Input data >>
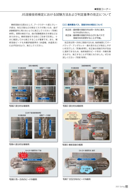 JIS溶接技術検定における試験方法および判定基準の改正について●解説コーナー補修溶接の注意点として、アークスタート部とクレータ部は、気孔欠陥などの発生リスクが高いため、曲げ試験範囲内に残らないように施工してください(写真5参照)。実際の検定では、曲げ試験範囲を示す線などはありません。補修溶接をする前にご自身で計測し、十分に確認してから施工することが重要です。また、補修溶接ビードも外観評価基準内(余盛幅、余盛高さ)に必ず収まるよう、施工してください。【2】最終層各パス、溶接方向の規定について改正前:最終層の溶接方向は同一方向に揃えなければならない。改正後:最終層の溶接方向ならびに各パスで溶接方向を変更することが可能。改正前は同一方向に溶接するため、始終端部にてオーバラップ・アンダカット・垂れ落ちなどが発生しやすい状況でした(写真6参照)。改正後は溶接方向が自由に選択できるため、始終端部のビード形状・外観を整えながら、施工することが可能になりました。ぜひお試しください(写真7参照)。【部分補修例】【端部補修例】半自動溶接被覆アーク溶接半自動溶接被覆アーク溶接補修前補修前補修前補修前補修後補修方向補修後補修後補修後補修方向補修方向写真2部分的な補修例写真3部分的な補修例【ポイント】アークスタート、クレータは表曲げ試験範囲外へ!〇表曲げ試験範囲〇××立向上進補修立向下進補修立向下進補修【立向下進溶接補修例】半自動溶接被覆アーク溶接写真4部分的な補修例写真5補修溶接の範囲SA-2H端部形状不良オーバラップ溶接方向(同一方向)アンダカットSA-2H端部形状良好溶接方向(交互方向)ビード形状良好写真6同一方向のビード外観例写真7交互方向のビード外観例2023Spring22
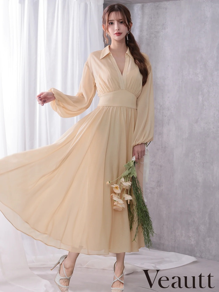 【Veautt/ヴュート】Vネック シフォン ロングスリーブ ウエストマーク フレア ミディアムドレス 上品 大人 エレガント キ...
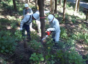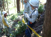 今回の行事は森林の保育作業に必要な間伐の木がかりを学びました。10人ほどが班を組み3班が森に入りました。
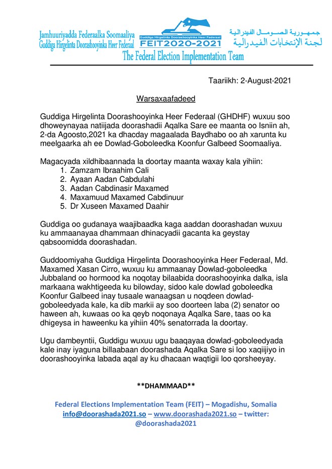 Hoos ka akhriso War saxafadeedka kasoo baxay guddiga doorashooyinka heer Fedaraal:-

Work to complete >> Give back all of the material exactly, though without the images it contains.

Task result >>
 JIS溶接技術検定における試験方法および判定基準の改正について●解説コーナー補修溶接の注意点として、アークスタート部とクレータ部は、気孔欠陥などの発生リスクが高いため、曲げ試験範囲内に残らないように施工してください(写真5参照)。実際の検定では、曲げ試験範囲を示す線などはありません。補修溶接をする前にご自身で計測し、十分に確認してから施工することが重要です。また、補修溶接ビードも外観評価基準内(余盛幅、余盛高さ)に必ず収まるよう、施工してください。【2】最終層各パス、溶接方向の規定について改正前:最終層の溶接方向は同一方向に揃えなければならない。改正後:最終層の溶接方向ならびに各パスで溶接方向を変更することが可能。改正前は同一方向に溶接するため、始終端部にてオーバラップ・アンダカット・垂れ落ちなどが発生しやすい状況でした(写真6参照)。改正後は溶接方向が自由に選択できるため、始終端部のビード形状・外観を整えながら、施工することが可能になりました。ぜひお試しください(写真7参照)。【部分補修例】【端部補修例】半自動溶接被覆アーク溶接半自動溶接被覆アーク溶接補修前補修前補修前補修前補修後補修方向補修後補修後補修後補修方向補修方向写真2部分的な補修例写真3部分的な補修例【ポイント】アークスタート、クレータは表曲げ試験範囲外へ!〇表曲げ試験範囲〇××立向上進補修立向下進補修立向下進補修【立向下進溶接補修例】半自動溶接被覆アーク溶接写真4部分的な補修例写真5補修溶接の範囲SA-2H端部形状不良オーバラップ溶接方向(同一方向)アンダカットSA-2H端部形状良好溶接方向(交互方向)ビード形状良好写真6同一方向のビード外観例写真7交互方向のビード外観例2023Spring22
 【Veautt/ヴュート】Vネック シフォン ロングスリーブ ウエストマーク フレア ミディアムドレス 上品 大人 エレガント キ...
 今回の行事は森林の保育作業に必要な間伐の木がかりを学びました。10人ほどが班を組み3班が森に入りました。
 Hoos ka akhriso War saxafadeedka kasoo baxay guddiga doorashooyinka heer Fedaraal:-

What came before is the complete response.